Quaranta. Un numero pieno di significati nella Bibbia
Articolo tratto da Castello7, lettera settimanale ai parrocchiani, anno 26°, n. 19, del 5 marzo 2017
Il numero quaranta è un numero pieno di significati per l’uomo biblico. Quando designa un tempo si tratta sempre di un periodo che segna una situazione provvisoria e di attesa. E’ il tempo del castigo e della penitenza, ma anche il tempo della misericordia e del perdono. E’ il tempo dell’intimità con Dio e del colloquio con lui. E’ il tempo in cui l’uomo prende coscienza di sé e si prepara ad accogliere i doni di Dio. E’ il tempo dell’Alleanza e della rivelazione.
Per rendersi conto di tutti questi significati è necessario tener presente che nell’antichità i numeri venivano rappresentati con le lettere dell’alfabeto e pertanto, attraverso i numeri (o meglio le lettere che servivano per indicare un numero), si potevano esprimere concetti che niente avevano a che vedere col loro valore numerico. Presso alcuni popoli, e in particolare per il popolo ebraico, dalla forma di queste lettere si potevano ricavare anche significati simbolici.

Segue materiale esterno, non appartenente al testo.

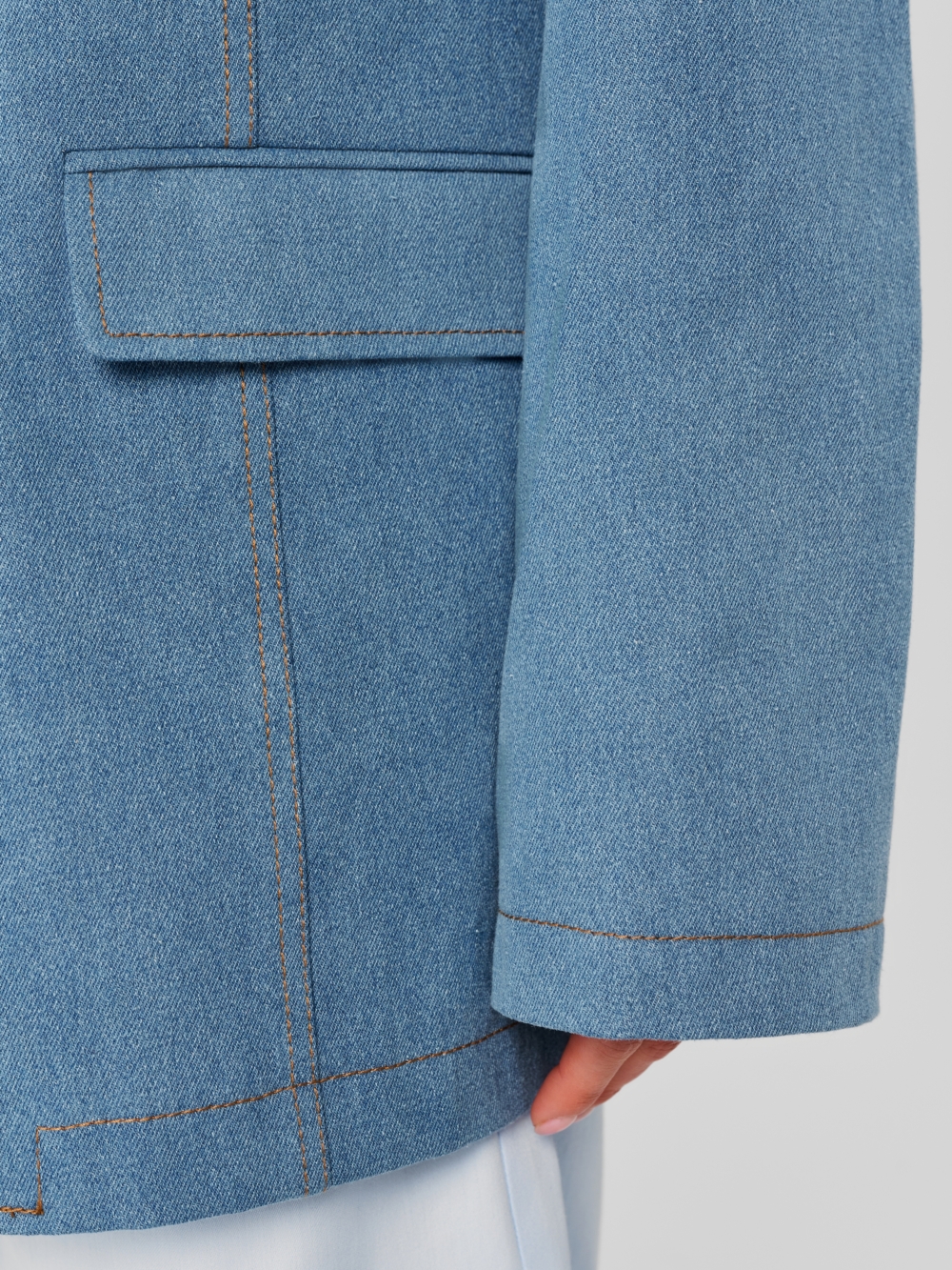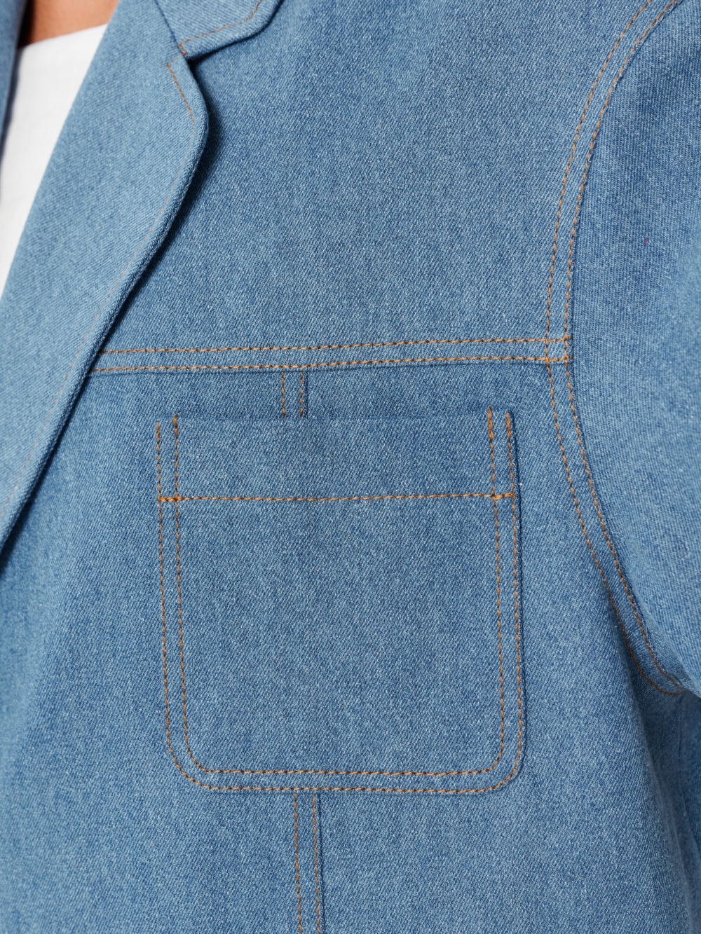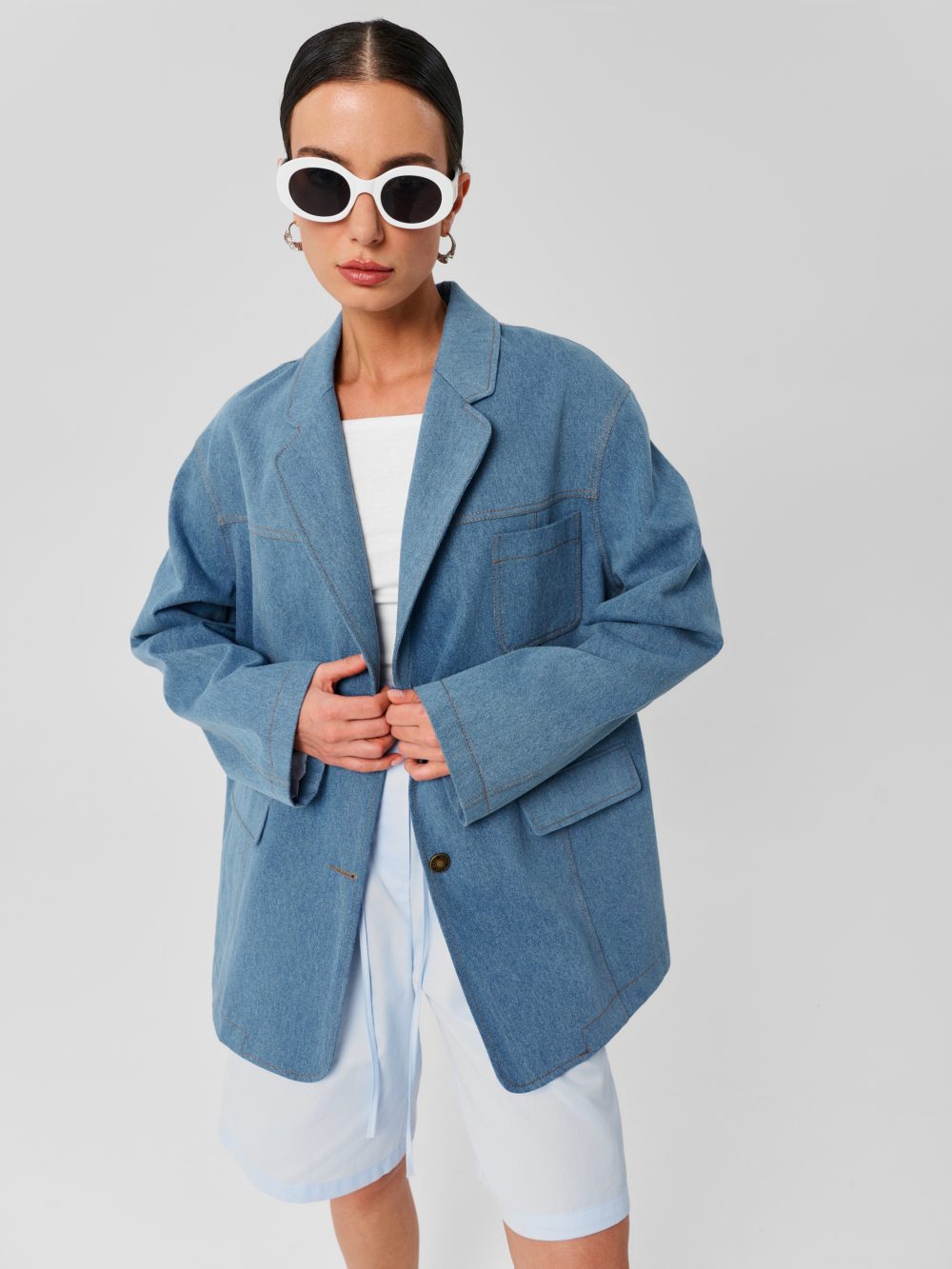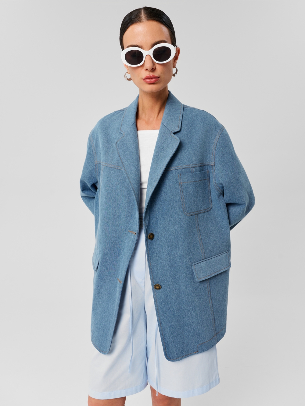 Универсальная ткань деним становится еще более популярной в сезоне весна-лето. Джинсовый пиджак насыщенного голубого цвета свободного кроя впишется в любой гардероб и внесёт разнообразие в повседневные образы. Сделано в России.
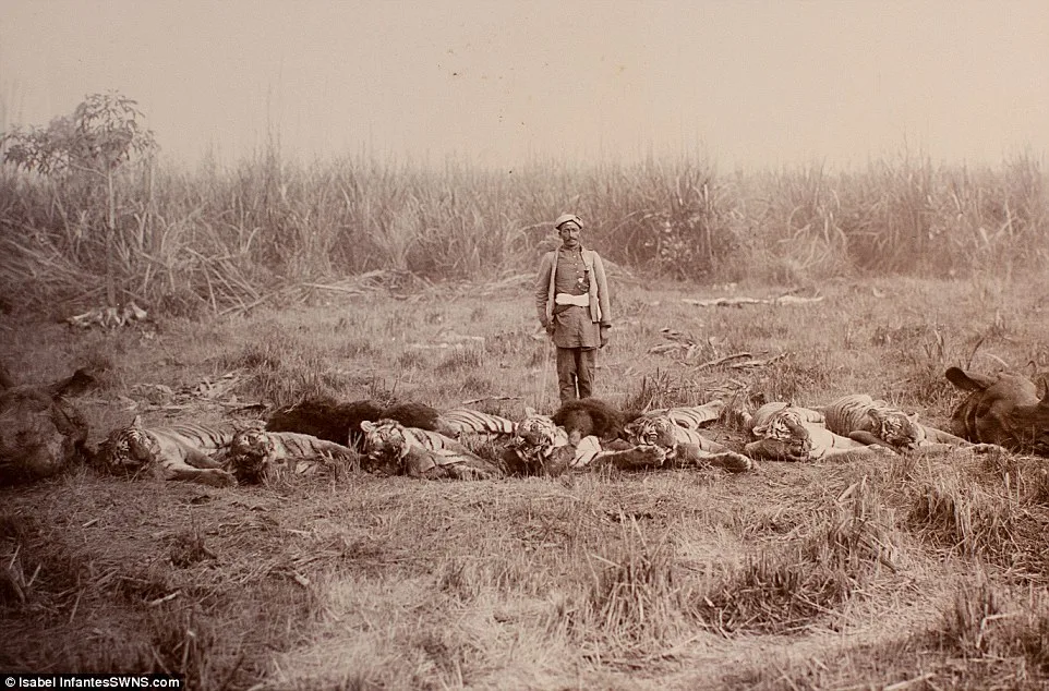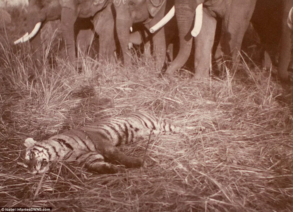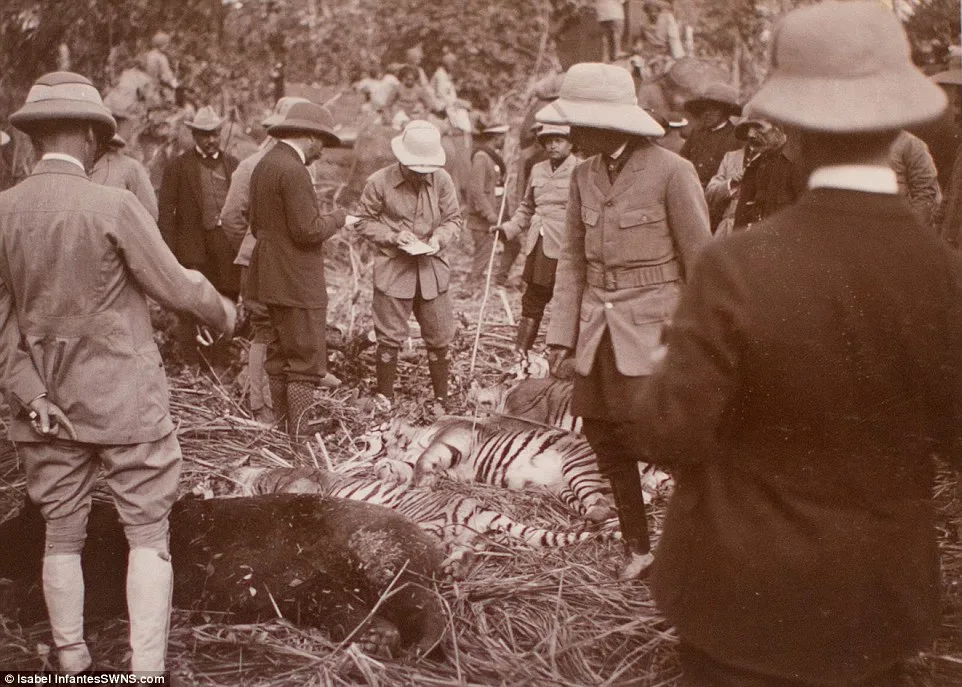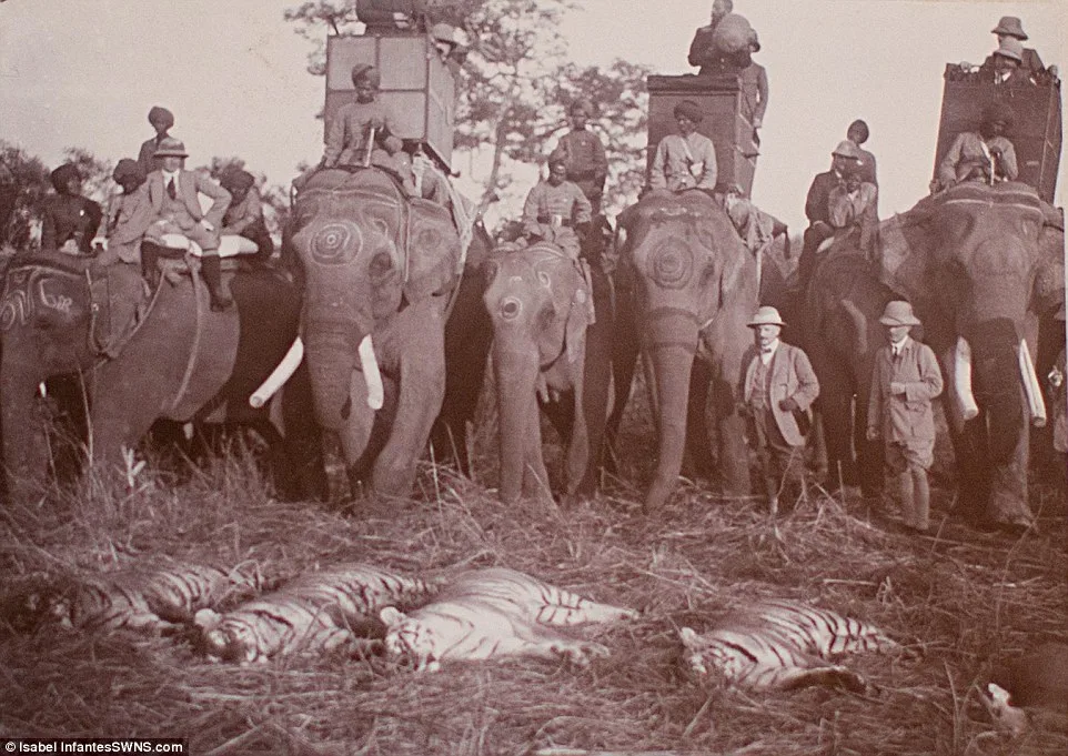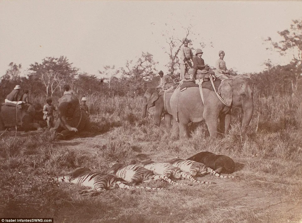 There are numerous photographs showing members of the royal hunting party sat on elephants surrounded by dead tigers on the ground.

La lettera (ebraica) MEM oltre al numero 40 indica con la sua forma il ventre materno e anche una sorgente di acqua. I quaranta giorni così rappresentano un periodo determinato che racchiude un avvenimento o un’esperienza che si prolunga nel tempo, ma che è aperto alla vita.
Scorrendo la bibbia vediamo anche che con 40 anni si indica la durata della vita di un uomo. Con questo criterio il Deuteronomio (34,7) può affermare che Mosè visse 120 anni, cioè 40×3, perché per tre volte egli ha mutato radicalmente la sua esperienza di vita.
Sono 40 gli anni trascorsi dal popolo di Israele nel deserto; 40 giorni e 40 notti durò il diluvio (Gen. 7,4); 40 giorni e 40 notti Mosè rimase sul monte (Es. 24,18); Elia camminò per 40 giorni e 40 notti nel deserto per sfuggire all’ira della regina Gezabele (1 Re,19,8); 40 giorni sono il tempo concesso agli abitanti di Ninive per fare penitenza (Giona 3,4); 40 sono il massimo dei colpi di verga per le punizioni corporali (Deut. 25, 3).
Nel Nuovo Testamento il numero 40 si trova 22 volte. I vangeli sinottici parlano di 40 giorni e 40 notti di digiuno di Gesù nel deserto (Matteo 4,1ss; Marco 1,13; Luca 4,2 ss) mettendoli in relazione con il periodo trascorso da Mosè sul monte Sinai. Matteo e Luca poi stabiliscono anche un raffronto fra la permanenza del popolo d’Israele nel deserto, periodo in cui «tentarono e misero alla prova Dio» (Salmo 95,9-10), con la fedeltà e l’obbedienza di Gesù.
In questo modo, servendosi del semplice numero 40, gli evangelisti ci invitano a riconoscere in Gesù il nuovo Mosè, che dà inizio al nuovo popolo capace di dare un senso nuovo all’alleanza fondata non più su una legge scritta, ma sulla stessa persona di Gesù.
Secondo il libro degli Atti (1,3) per 40 giorni il Signore si manifestò ai discepoli dopo la risurrezione prima di salire al cielo per completare il suo insegnamento e confermarli nella fede.
La Chiesa ci propone i quaranta giorni della Quaresima perché nel silenzio e nell’ascolto della Parola possiamo ritrovare il senso del nostro pellegrinaggio qui sulla terra, perché possiamo scoprire la nostra dimensione di limite e di peccato, perché possiamo accogliere il dono dello Spirito Santo, che dà vita e speranza e nascere di nuovo nella Pasqua del Signore.